Could you please look into this one?

Thanks

Peter

Also the CT ioctls LL_IOC_HSM_CT_START, LL_IOC_HSM_PROGRESS, LL_IOC_HSM_COPY_START, LL_IOC_HSM_COPY_END are completely unrestricted. A non-root user with access to a lustre mount point can register as a copytool. And the same user running on the same node as a CT, with access to any lustre mount point on that node can unregister the CT by crafting a KUC with the CT's PID and group KUC_GRP_HSM.

I would suggest a restrictive set of permissions for all operations except restore. I make an exception for restore, as anyone with read privileges on a file should reasonably expect to be able to access the file, even if it has been released. It’s implied in the nature of the restore operation (whether invoked explicitly or implicitly).

Other commands could be left as super-user commands, with sudo or equivalent providing the necessary privilege escalation, at least as a stop-gap. If we documented this adequately, it would provide a reasonable implementation.

I agree with you that the copytools must only be managed by the super-user.

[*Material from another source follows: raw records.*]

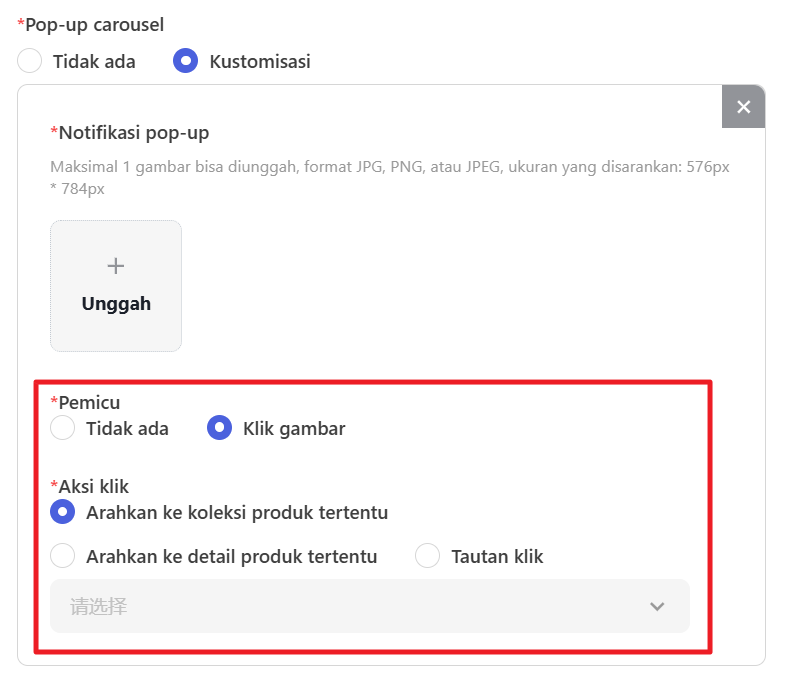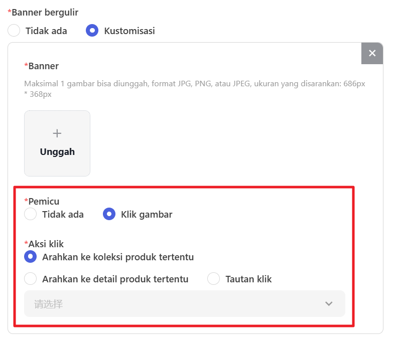 Anda juga dapat memilih Pemicu munculnya banner carousel, terdapat dua opsi Tidak ada dan Klik gambar.
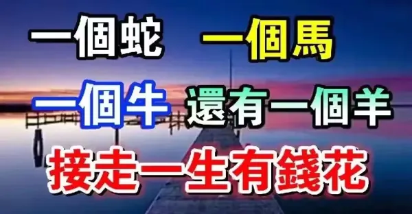今天起,一個蛇,一個馬,一個牛,還有一個羊!接走一生都會有錢花!
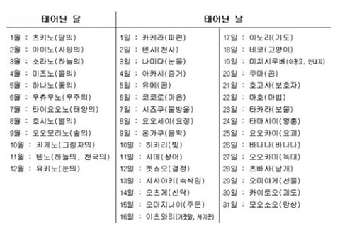 자신의 생월 (성)
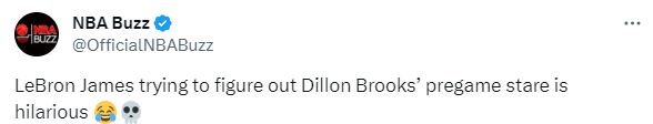 在湖人和火箭三番战赛前,狄龙又是一动不动地凝视远方,难道他又是在凝视詹姆斯吗?有趣一幕曝光,狄龙站在原地凝视,詹姆斯双手抄兜走过来,然后站在狄龙附近,一边运球一边盯着狄龙看,美媒NBA Buzz配文写道:勒布朗-詹姆斯试图弄清楚狄龙的赛前凝视,太搞笑了。
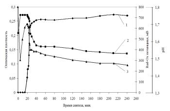 Red-Ox-потенциала(2) и рН(3) от времени синтеза
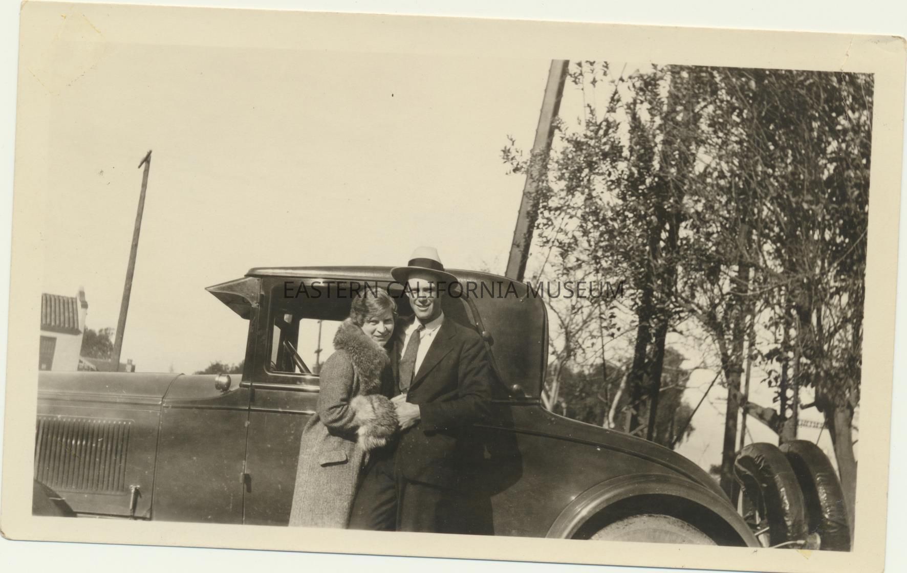 1995.12.34.67b--Standing together in front of a vehicle. Lucille is wearing a coat with fur trim.
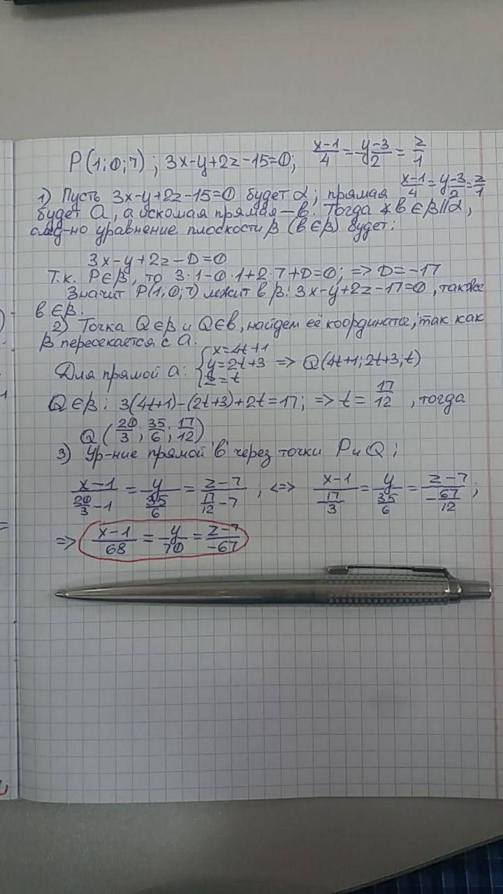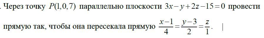 Кратко ход: 1) найти уравнение плоскости, которая содержит точку Р, а также параллельна плоскости 3х-y+2z-15=0; 2) найти точку пересечения плоскости из п. №1 с прямой, заданной в условии; 3) найти уравнение прямой, проходящей через точку Р и точку, найденную в п.№2.
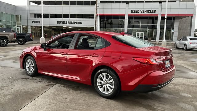 Supersonic Red 2025 Toyota Camry LE FWD eCVT 2.5L 4-Cylinder 16V DOHC 2.5L 4-Cylinder 16V DOHC, Black w/Fabric Seat Trim, ABS brakes, Active Cruise Control, Alloy wheels, Electronic Stability Control, Front dual zone A/C, Heated door mirrors, Illuminated entry, Low tire pressure warning, Remote keyless entry, Traction control.
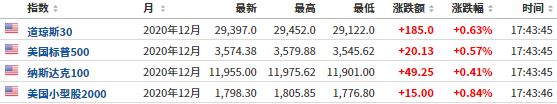 阿斯利康周一表示,疫苗AZD1222对新冠病毒有效,达到主要疗效终点,其平均有效性达到70%。阿斯利康还称,一剂疫苗疗程的有效性可达90%。受阿斯利康疫苗利好消息影响,美股股指期货走高,道指期货涨0.63%,标普500指数期货与纳指期货涨0.57%。

I’ve included some other notes:

Archive Files

• Super-user can archive files
• Owner can archive files
• ? Group members with write access can archive files?
• Other users cannot archive files

Release files

• Super-user can release files
• Other users, whether file owners, group members or other, cannot release files

Restore Files

• Any user with read permission can restore a file (implicit restore effectively mandates this behaviour)
• Restore requests cannot change ownership, permissions or other metadata

Remove files

• Super-user can remove files from the archive
• Owner can remove files from archive
• ? Group members with write access can remove files from archive?
• Other users cannot remove files from archive

Cancel

• Super-user can cancel all requests
• Requester can cancel their own requests
• Users cannot cancel requests made by other users

Questions

• Apply ACLs to allow alternative uses? For example "group_write_can_archive" – group members can archive files when the group write bit is set. Could effectively allow privilege escalation based on ACLs for files. So, very restrictive by default, but users can modify permissions to allow further options
• Create an MDT parameter to assign "super-user" privilege or otherwise delegate operations for HSM command set?
  • sudo could cover this, which means we could leave the commands as requiring super-user privileges, then demonstrate how one could use Sudo to delegate privileges to admin users
• MDT could potentially provide finer-grained access control but would need to weigh cost/benefit against alternatives

I think we must have a simple tunnable (through CDT policy flags => managed by CDT?) like control on/off. Many sites will not care of who is doing what.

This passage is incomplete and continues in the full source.